Wednesday, October 22, 2008

Paper 1 Intro, Summary and Analysis example

--Introduction Example

Rebel Without a Cause is a 1955 American film. It was directed by Nicholas Ray. The cast includes James Dean, Sal Mineo and Natalie Wood. It is a good film because it looks intelligently at the emotional struggles of teenagers.

Summary Example


Jim Stark (James Dean) is a new High School student in Southern California. His family moves a lot because Jim gets in trouble often. He goes to a new High School, where he becomes friends with Plato (Sal Mineo), a shy boy whose parents have abandoned him. (His father does not live with him. His mother leaves for long periods of time. Only his mother’s black servant seems to care about him.) Jim gets in trouble with a gang during a school trip to the Planetarium. After a knife fight, Jim agrees to race the gang’s leader, Buzz, that night.

Buzz dies during the race. Jim takes Buzz’s girlfriend, Judy (Natalie Wood), home. Jim wants to turn himself in to the police, but his parents don’t want him to do that.

Jim goes to the police station, but the cop that he trusts is not there, so he goes back home. Judy is waiting for him. They go to an old house that Plato told Jim about. Plato meets them there, and for a time they pretend to be a family. Some of the gang comes to get them, and a frightened Plato takes a gun and starts to shoot at them.

The police come. Plato, still frightened, starts to shoot at the police as well. Jim tries to save Plato, but Plato is shot outside the Planetarium.

Analysis examples

The movie shows how teenagers feel helpless emotionally. One interesting example is the Planetarium’s show about the Earth. It is a very strange presentation about how the Earth will be destroyed and how the Universe will not care that the Earth is gone. We see that some of the students are scared by the show. Plato is especially scared: he even hides before the show is over. The Planetarium’s show is a metaphor for how teenagers feel. They think that they are alone and that no one understands them or cares about them.

Plato’s fear of the light show allows Plato and Jim to start talking about what they are afraid of. “What does he know about ‘Man alone’?” Plato says to Jim. This idea that no one understands Plato’s sense of loneliness again illustrates a common fear that young people have.
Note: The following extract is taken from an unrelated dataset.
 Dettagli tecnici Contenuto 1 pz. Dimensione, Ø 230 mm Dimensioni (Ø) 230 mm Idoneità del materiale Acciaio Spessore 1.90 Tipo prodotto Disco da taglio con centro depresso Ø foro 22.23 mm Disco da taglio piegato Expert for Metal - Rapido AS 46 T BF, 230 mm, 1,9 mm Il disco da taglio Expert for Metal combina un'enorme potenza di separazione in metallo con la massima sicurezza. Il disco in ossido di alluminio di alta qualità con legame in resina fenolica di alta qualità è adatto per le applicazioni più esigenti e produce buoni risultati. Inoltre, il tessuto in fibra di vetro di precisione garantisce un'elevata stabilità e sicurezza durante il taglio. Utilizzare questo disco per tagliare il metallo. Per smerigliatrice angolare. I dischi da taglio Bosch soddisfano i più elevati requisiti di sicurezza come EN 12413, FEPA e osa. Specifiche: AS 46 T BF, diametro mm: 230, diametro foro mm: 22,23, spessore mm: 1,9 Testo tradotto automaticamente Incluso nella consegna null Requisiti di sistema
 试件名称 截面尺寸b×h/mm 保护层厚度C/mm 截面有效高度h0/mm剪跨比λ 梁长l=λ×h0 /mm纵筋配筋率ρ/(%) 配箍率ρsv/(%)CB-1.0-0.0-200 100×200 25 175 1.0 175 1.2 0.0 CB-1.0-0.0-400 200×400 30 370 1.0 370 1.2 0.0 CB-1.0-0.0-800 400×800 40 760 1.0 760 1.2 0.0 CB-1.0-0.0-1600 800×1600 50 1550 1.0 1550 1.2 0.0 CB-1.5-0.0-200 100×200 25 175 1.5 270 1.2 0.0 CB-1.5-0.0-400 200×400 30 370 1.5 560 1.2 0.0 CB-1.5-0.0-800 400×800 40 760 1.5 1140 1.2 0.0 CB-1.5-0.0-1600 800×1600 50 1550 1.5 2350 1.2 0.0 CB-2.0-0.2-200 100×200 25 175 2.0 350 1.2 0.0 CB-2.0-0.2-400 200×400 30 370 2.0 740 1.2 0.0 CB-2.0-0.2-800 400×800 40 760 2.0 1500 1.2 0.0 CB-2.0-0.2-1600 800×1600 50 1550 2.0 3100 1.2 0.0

The movie also looks at teenagers’ need to have a sense of belonging. When Plato and Jim and Judy are all at the abandoned mansion, they pretend that they are a family, with Plato the son. But before they pretend to be a family, Plato pretends to be a real estate agent trying to rent the mansion to Jim and Judy. The three of them make jokes about how adults don’t like to listen to children. These scenes show that teenagers desire to have a sense of “family,” yet they feel that adults are not interested in making children part of their family.